:: PROBLEM STATEMENT ::
Every line below must come back exactly as it stands, with the images omitted.

:: DATASET EXTRACT ::

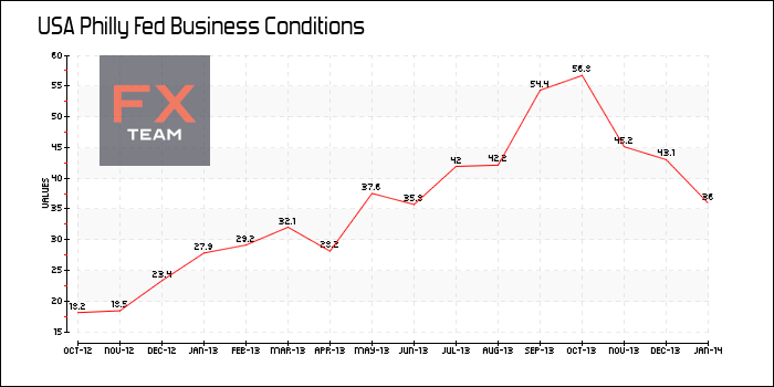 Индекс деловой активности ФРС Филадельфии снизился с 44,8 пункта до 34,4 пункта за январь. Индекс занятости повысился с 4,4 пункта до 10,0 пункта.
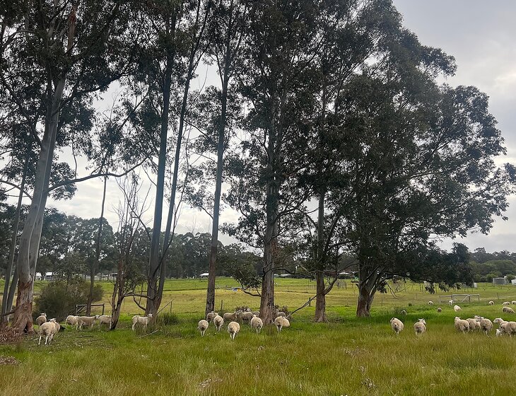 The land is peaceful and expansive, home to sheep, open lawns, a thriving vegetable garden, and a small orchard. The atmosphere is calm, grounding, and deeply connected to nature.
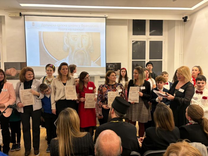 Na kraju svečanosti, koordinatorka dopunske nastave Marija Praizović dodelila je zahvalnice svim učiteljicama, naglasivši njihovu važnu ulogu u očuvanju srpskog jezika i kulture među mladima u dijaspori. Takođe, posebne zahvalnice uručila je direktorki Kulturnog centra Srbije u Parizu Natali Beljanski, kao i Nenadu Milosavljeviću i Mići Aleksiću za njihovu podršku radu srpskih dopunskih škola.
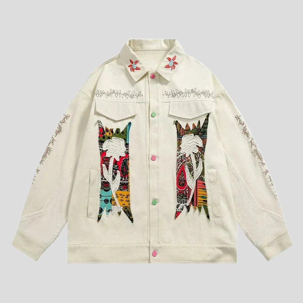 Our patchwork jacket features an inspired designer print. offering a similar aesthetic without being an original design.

:::

:: TASK RESULT ::
 Индекс деловой активности ФРС Филадельфии снизился с 44,8 пункта до 34,4 пункта за январь. Индекс занятости повысился с 4,4 пункта до 10,0 пункта.
 The land is peaceful and expansive, home to sheep, open lawns, a thriving vegetable garden, and a small orchard. The atmosphere is calm, grounding, and deeply connected to nature.
 Na kraju svečanosti, koordinatorka dopunske nastave Marija Praizović dodelila je zahvalnice svim učiteljicama, naglasivši njihovu važnu ulogu u očuvanju srpskog jezika i kulture među mladima u dijaspori. Takođe, posebne zahvalnice uručila je direktorki Kulturnog centra Srbije u Parizu Natali Beljanski, kao i Nenadu Milosavljeviću i Mići Aleksiću za njihovu podršku radu srpskih dopunskih škola.
 Our patchwork jacket features an inspired designer print. offering a similar aesthetic without being an original design.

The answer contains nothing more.